Tool use, implemented via function calling, breaks the model out of its sealed text-only world by letting it emit a structured request that an orchestrator validates and executes against a live system, returning a real observation. The six-step loop — define, decide, emit, execute, observe, continue — has one critical seam: between the model's emitted call and its execution, all trust, validation, permission, and side-effect handling must live in software, never in the prompt. The tool contract (name, description, schema, side-effect class, permissions, timeout, error shape) is the real interface; observations must be designed for the next decision, not for completeness, because every one is re-paid in tokens on every subsequent turn. LangChain (@tool + executor), CrewAI (tool-equipped agents), and Google ADK (built-in google_search, code executor, Vertex AI Search) all wrap the same loop.

Interview prompts

Walk through the six steps of a tool-use round-trip and point to where control leaves the model. (§2 — define, decide, emit (still inside the model), then the seam: execute and observe happen in the orchestrator, then the model processes the result. Everything after the emitted call is ordinary, untrusted-input software.)
Why is a tool gated only by a sentence in the system prompt a security bug? (§5 — the prompt is model context, not an enforcement boundary; the model can be argued out of it. Permissions and validation must run in the orchestrator outside the model.)
The model returns a final answer right after requesting a tool, without waiting. What went wrong? (§2 — hallucinated observation; the loop did not force a real result into context before the next step, so the model invented the tool output.)

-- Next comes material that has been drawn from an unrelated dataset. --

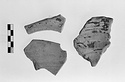Description:   Single fragment preserving small portion of test piece. Fragment cut from the shoulder, at junction with neck, of a large closed vessel, probably an amphora. No clear edges preserved, though some of the breaks seem very regular. Preserved paint on interior and exterior thickly applied, fired black. Exterior canonically decorated: broad band at juncture of shoulder and neck, below which is outer arc of compass-drawn circles. To right, vertical wavy line and four vertical stripes (necklace pattern). Paint on interior worn, and mostly flaked; interior painted solidly, except for upper part of fragment (non-canonical).

Your agent's token bill is 30× higher than expected on file-heavy tasks. First thing to check? (§4 — observation size. Fat observations are re-sent every turn and re-paid per retry; switch read_file to read_file_slice and trim observations to what the next decision needs.)
Why does the book make an unknown stock ticker raise an error instead of returning null? (§3 — the error shape is part of the contract; a clean typed error becomes a recoverable observation ("I couldn't find that price") instead of the model inventing a number.)
What's the difference between plain function calling and a Vertex AI Extension? (§3 — same pattern, different owner of execution: function calling hands the structured request back to your client to run; an Extension auto-executes it on the platform with built-in enterprise security.)
How would you decide whether an agent action needs human approval? (§3, §5 — by its side-effect class; read-only runs freely, reversible writes are logged, irreversible actions route through request_approval and lesson 15's human-in-the-loop gate.)